By Myra P. Saefong
A DOW JONES COLUMN
With Japan suffering from multiple disasters--earthquakes, a
tsunami and nuclear crisis--it's no wonder commodity prices almost
across the board have seen significant declines on bets that demand
for resources from the world's third-largest economy will slow.
But as the Land of the Rising Sun's calm and determined citizens
work to rebuild their nation, opportunities in the commodities
space are far from over.
"As always, there are opportunities in crisis," said Chris
Mayer, editor of Agora Financial's Capital & Crisis.
Energy, metals and agricultural sectors have all taken a hit
since the 9.0 magnitude earthquake shook northern Japan, causing a
massive tsunami that killed thousands and setting into motion
what's been called the worst nuclear disaster since the 1986
Chernobyl nuclear plant explosion in the former Soviet Union.
As of Wednesday, traders have seen oil prices lose nearly 5%
since March 10, the last trading day before the disaster; gold
prices have fallen more than 1%, corn lost nearly 10%, and
platinum's down about 4%. But natural gas has gained almost 3%.
"The whole earthquake/tsunami/radiation leak is a big,
unexpected event with large, potential consequences that are not
yet known," said Todd Hultman, editor of DailyFutures.com.

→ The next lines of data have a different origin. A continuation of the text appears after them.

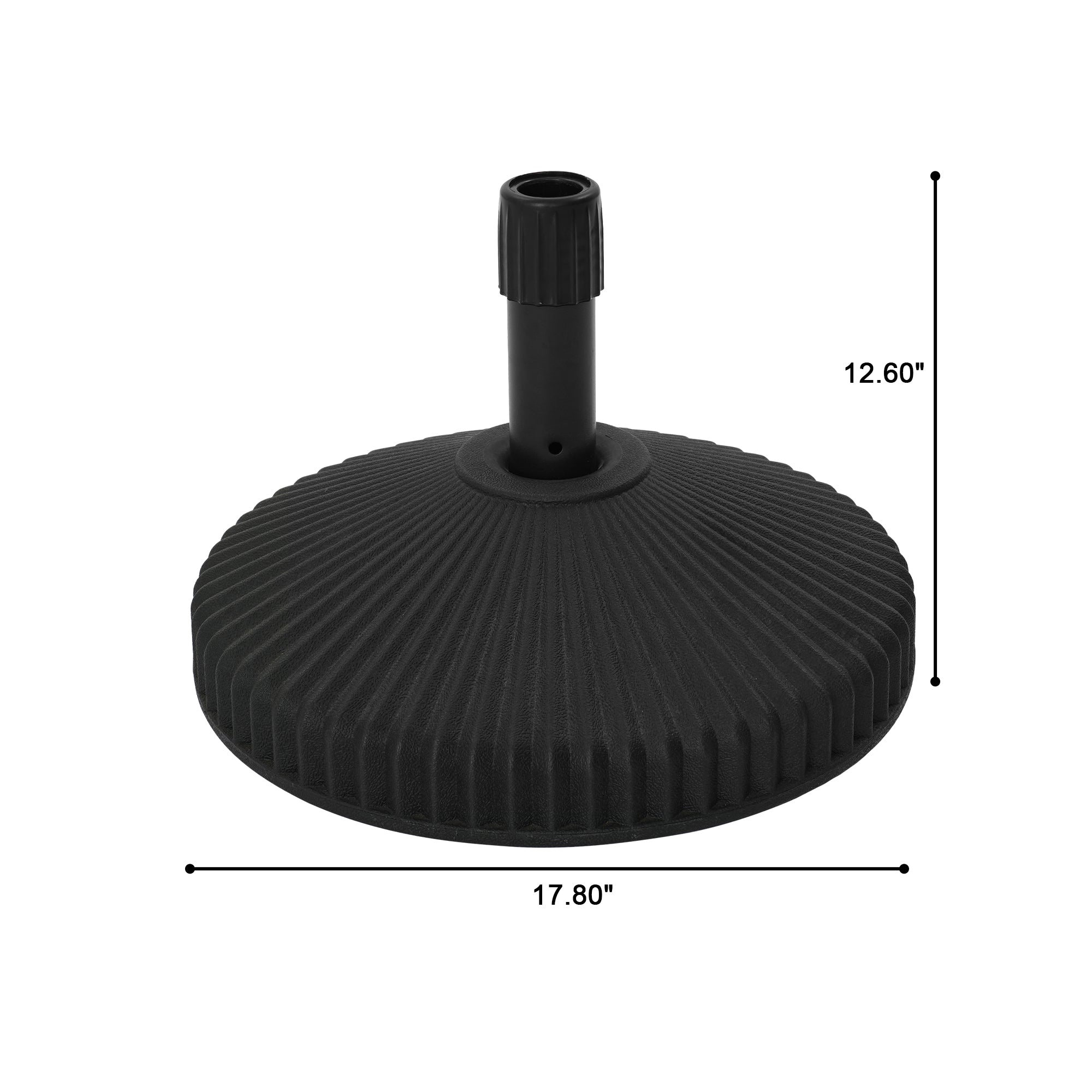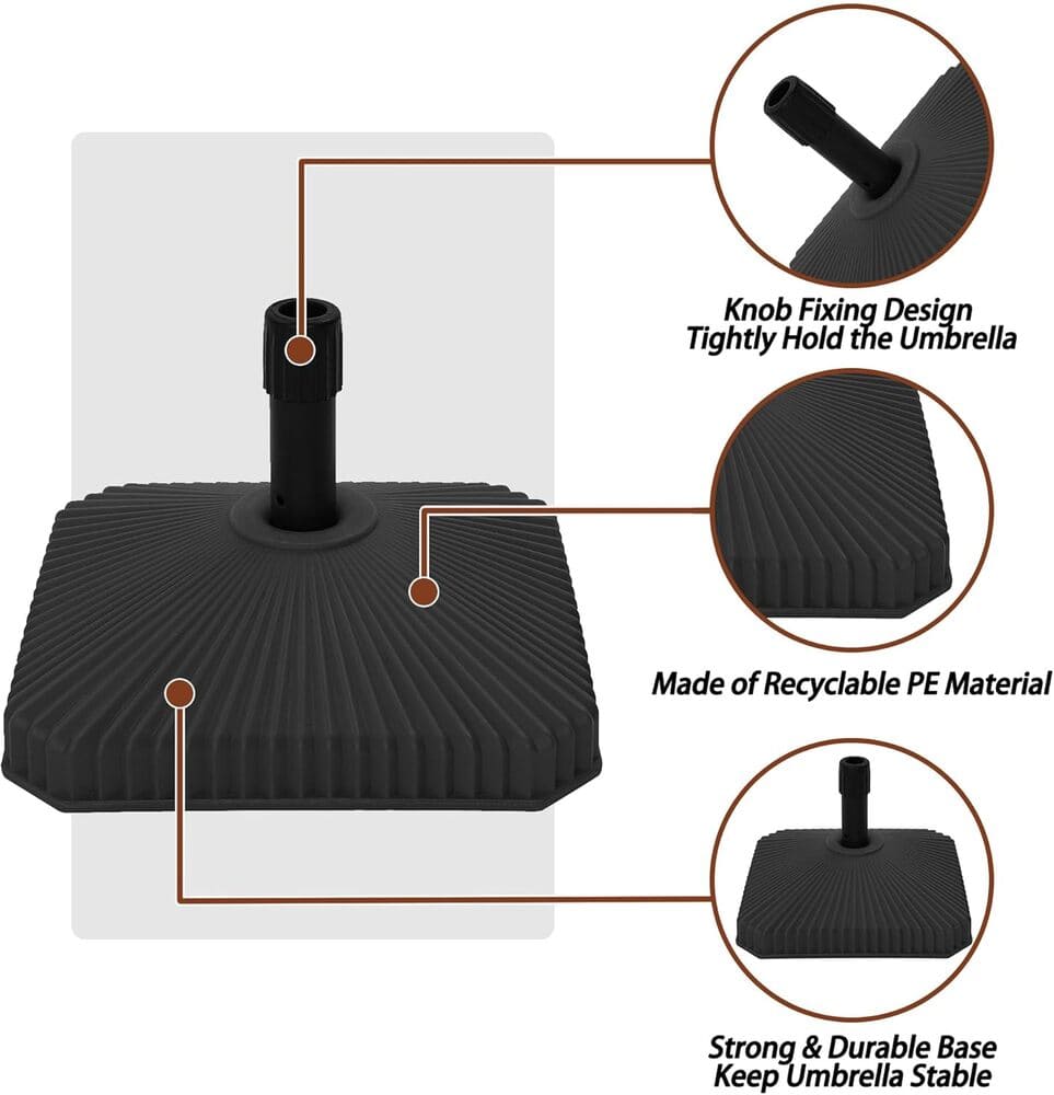 Keep your market umbrella safe with this umbrella base. Made of durable black PE material, it is truly tough and weather resistant. Water fills the umbrella base and provides 29 lbs. of weight. The unique base of this product is designed to be large enough to hold an umbrella.
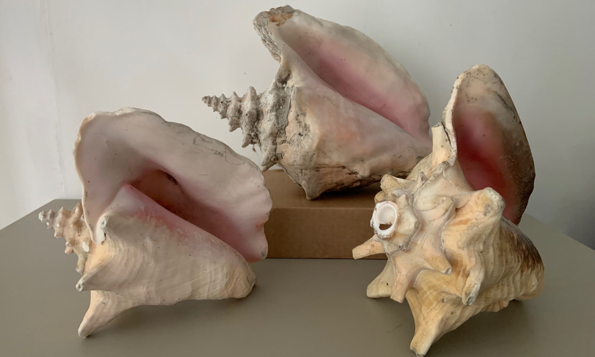 I decided to buy them and asked for assistance from the person on the desk. They told me there was another conch from the same collection and took me further into the shop where I was shown a Queen Conch trumpet cut for blowing – I bought all three shells there and then.
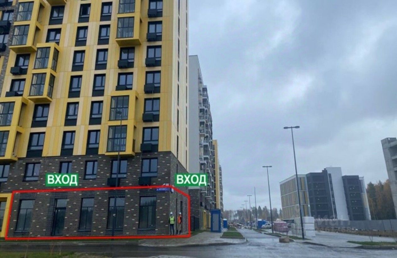 Помещение расположено в торце корпуса 1.1, рядом с входом на закрытую территорию. Дворовая территория комплекса благоустроена: предусмотрены зоны отдыха, детские и спортивные площадки, места для прогулок.
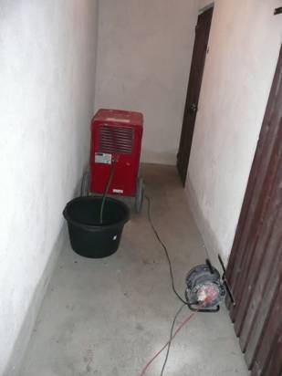 fot. 7 i 8 – Osuszanie ścian osuszaczami mikrofalowymi – fot. C. Magott

"It has created a big jolt of anxiety that has investors and
fund managers bailing out of investment positions and running for
cash," he said. "In these panics, even good investments get tossed
aside."
"If the radiation risk does not get worse in northern Japan, we
should see a rebound in corn, soybeans, cattle, crude oil, copper
and possibly lumber prices," said Hultman. "These are all
commodities with relatively tight supplies in relation to 'normal'
demand."
Other commodity market watchers say natural gas, coal, steel and
gold will also bounce back.
"A crisis can offer opportunities to selectively add to
positions where value can be identified and where the short-term
market reaction does not seem to match the actual fundamentals and
medium- to longer-term outlook," Martin Hennecke, associate
director at Tyche Group told clients.
Long Run, Quick Burial
For uranium, that boat has sailed--at least for now.
Japan's disaster was a "debacle for uranium," said Christopher
Ecclestone, a mining strategist at Hallgarten & Company LLC.
"It has maybe set back nuclear plants in the West by 15-20
years."
The UxC daily uranium broker average price, the average midpoint
of the three main uranium brokerages, was at $49.25 on March 16,
down from $55 a day earlier, data from nuclear-fuel consultancy Ux
Consulting Co. show.
Uranium prices are expected to plunge by 26% over the coming
months, said John Longo, professor of finance at Rutgers Business
School in Newark. "Needless to say, uranium producers will feel the
burn."
Shares in Cameco Corp. (CCJ), which accounts for about 16% of
the world's uranium output, have dropped more than 20% since
Japan's mega earthquake.
While longer term, looking out five years or more, the case for
nuclear power is "compelling" and the case for uranium even more
so, said Mayer, "the sector is dead money for 2011."
Uranium spot prices had reached an all-time high of $136 at the
end of June 2007, according to Ux Consulting.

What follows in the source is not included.